* Data excerpt
# # #
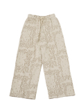 ウエストはリラックスしたゴム仕様の、身体のラインを拾いにくい落ち感のあるストレートシルエット。
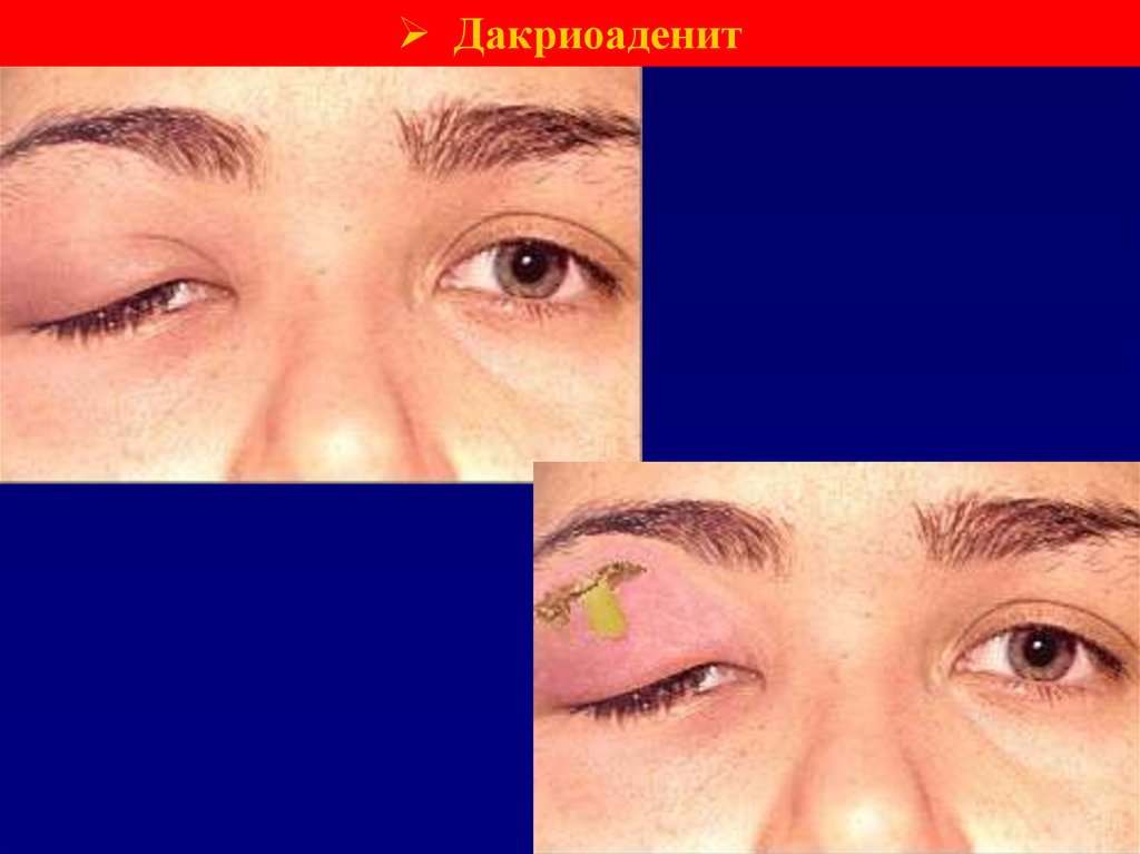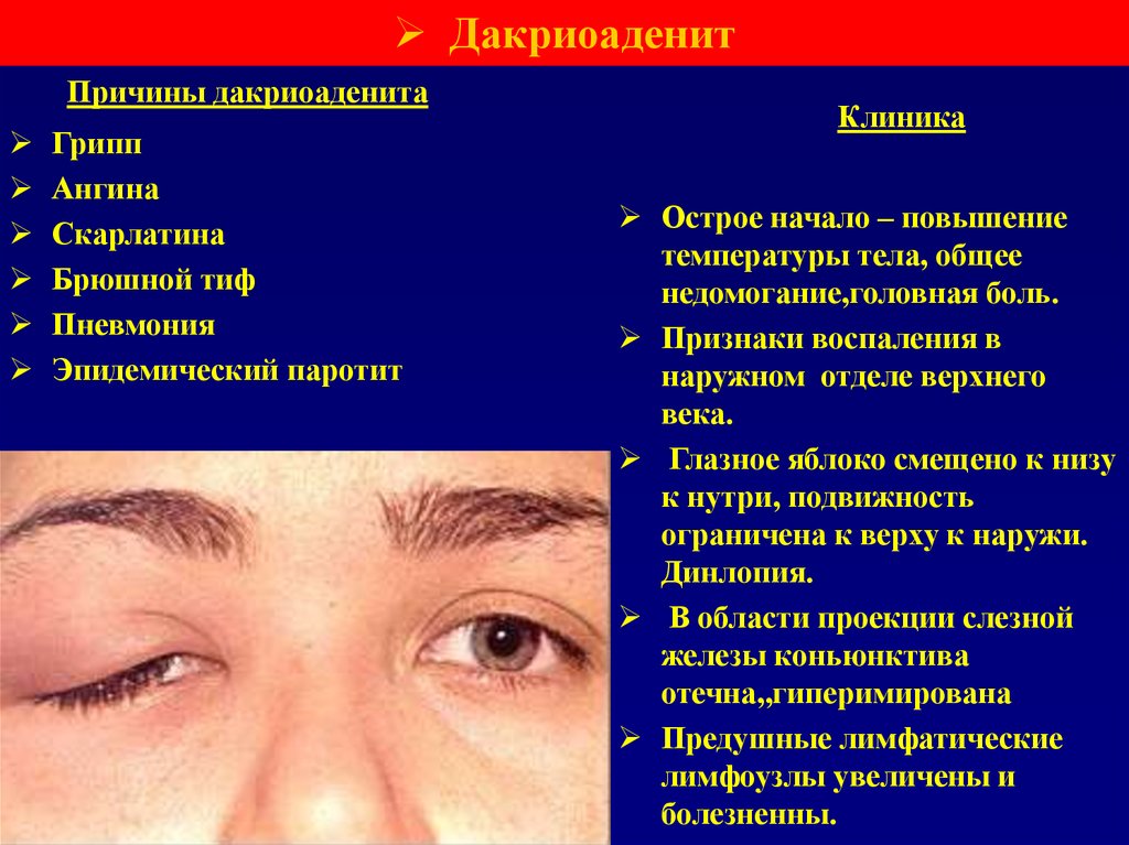• Типичными признаками: псевдоптоз, слизисто-гнойное
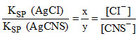 At 25oC, the solubility product values of AgCl and AgCNS are 1.8 × 10-10 and 1.6 × 10-11 respectively. When a solution is saturated with both solids, calculate the ratio [Cl-]/[CNS-] and also [Ag+] in the solution.
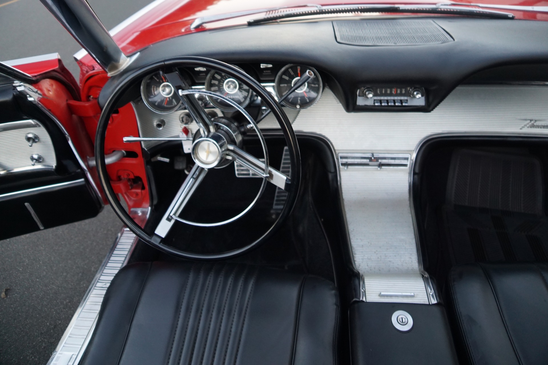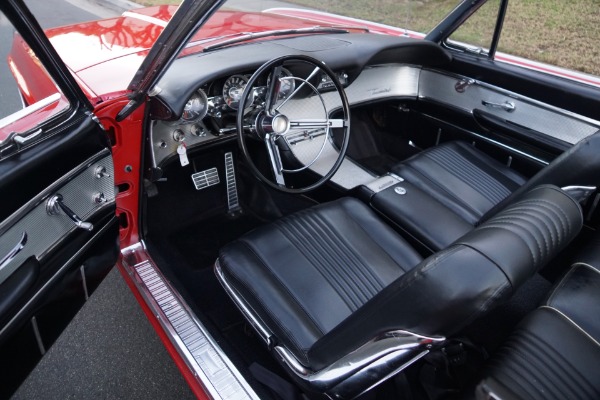 The Thunderbird was redesigned in 1961 with sleeker styling from its previous 'Squarebird' design that gave the bird a renown 'bullet-lie' appearance with an all new bodyshell featuring a severely pointed front end and the car enjoyed a smoother ride with much improved handling and soundproofing. The interior design featured a contoured dash that curved at its outward ends to blend in with the door panels and the model boasted the first 'Swing-away' steering wheel. A new engine, the 390 c.i. 6.4L V8 was standard and mated to a three speed automatic transmission. A vinyl roofed Landau option with simulated S bars was added to the line up in 1962 as was the legendary Sports Roadster for convertible models. The Sports Roadster had a special fiberglass tonneau cover for the rear seats which gave the car the appearance of being a two seater roadster like the original Thunderbirds from 1955-57. Newly optioned for '62 was an upgraded version of the 390 c.i. V8 named the 'M' code after the designated M used as the engine code in the VIN number of the very few and rare cars equipped with this upgrade. The 'M code version of the 390 c.i. V8 was equipped with no less than three 2 barrel Holley carburetors and produced 340HP. These 'M' code V8 Thunderbirds are exceptionally rare with some reports showing only some 200 in total being built during its production years of 1962-3 and obviously very few are left remaining on the roads today!
# # #
* Activity
Give again, exactly as written above, each line from the one that has "признаками: псевдоптоз, слизисто-гнойное" to the one that has "At 25oC, the", both included; omit the pictures.

* Output below
• Типичными признаками: псевдоптоз, слизисто-гнойное
 At 25oC, the solubility product values of AgCl and AgCNS are 1.8 × 10-10 and 1.6 × 10-11 respectively. When a solution is saturated with both solids, calculate the ratio [Cl-]/[CNS-] and also [Ag+] in the solution.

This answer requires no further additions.